Answer:
31
Step-by-step explanation:
Solution:
First we count the powers of $2$. We can compute $2^9=512$ and $2^{10}=1024$, so the largest power of $2$ which is smaller than $1000$ is $2^9$. Remembering that $2^{-n}$ is defined as $\dfrac{1}{2^n}$, we can see that the smallest power of $2$ which is larger than $\dfrac{1}{1000}$ is $2^{-9}$. Thus, we have the following list of powers of $2$:
\[2^{-9}, 2^{-8}, 2^{-7}, 2^{-6}, 2^{-5}, 2^{-4}, 2^{-3}, 2^{-2}, 2^{-1}, 2^0, \]\[2^1, 2^2, 2^3, 2^4, 2^5, 2^6, 2^7, 2^8, 2^9.\]
There are $19$ numbers in this list ($9$ with negative exponents, $9$ with positive exponents, and one more -- $2^0$).
We can count powers of $3$ in a similar way.

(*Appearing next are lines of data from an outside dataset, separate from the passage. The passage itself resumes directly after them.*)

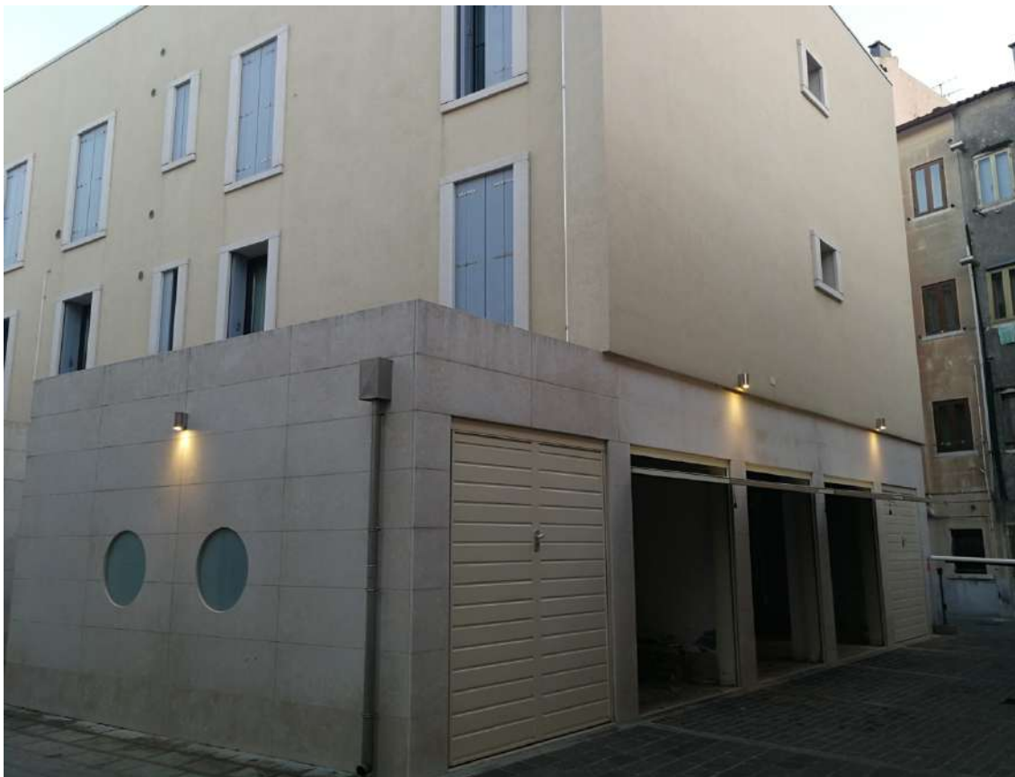
Fotografia n. 07 – Garages oggetto di stima (con portone ribaltabile aperto) nel primo edificio lungo Calle S. Croce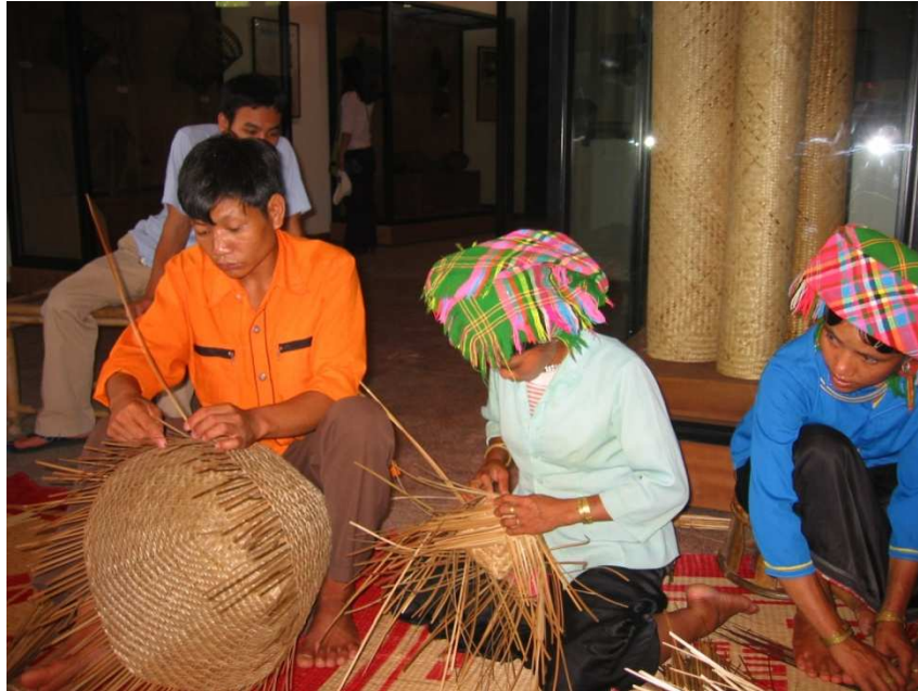
Trung bày và giao lưu với người La Ha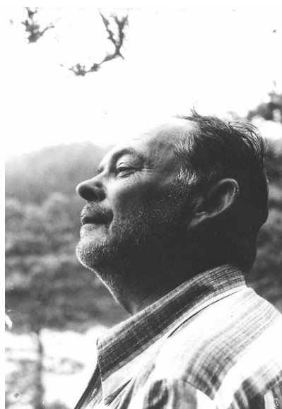
Na konci tábora Povltaví 1985

The largest power of $3$ smaller than $1000$ is $3^6 = 729$. The smallest power of $3$ larger than $\dfrac{1}{1000}$ is therefore $3^{-6}$, or $\dfrac{1}{729}$. So we have these powers of $3$:$$3^{-6}, 3^{-5}, 3^{-4}, 3^{-3}, 3^{-2}, 3^{-1}, 3^0, 3^1, 3^2, 3^3, 3^4, 3^5, 3^6.$$We don't want to count $3^0$ again, though, because $3^0$ is $1$, which we already counted as $2^0$! There are $12$ other numbers in our list ($6$ with negative exponents and $6$ with positive exponents).
We don't have to worry about any other duplication between the lists, since $\allowbreak 2^1,2^2,2^3,\allowbreak \ldots,2^8,2^9$ are all even and $\allowbreak 3^1,3^2,3^3,\allowbreak 3^4,3^5,3^6$ are all odd. So, we have $19+12 = \boxed{31}$ different numbers in our two lists.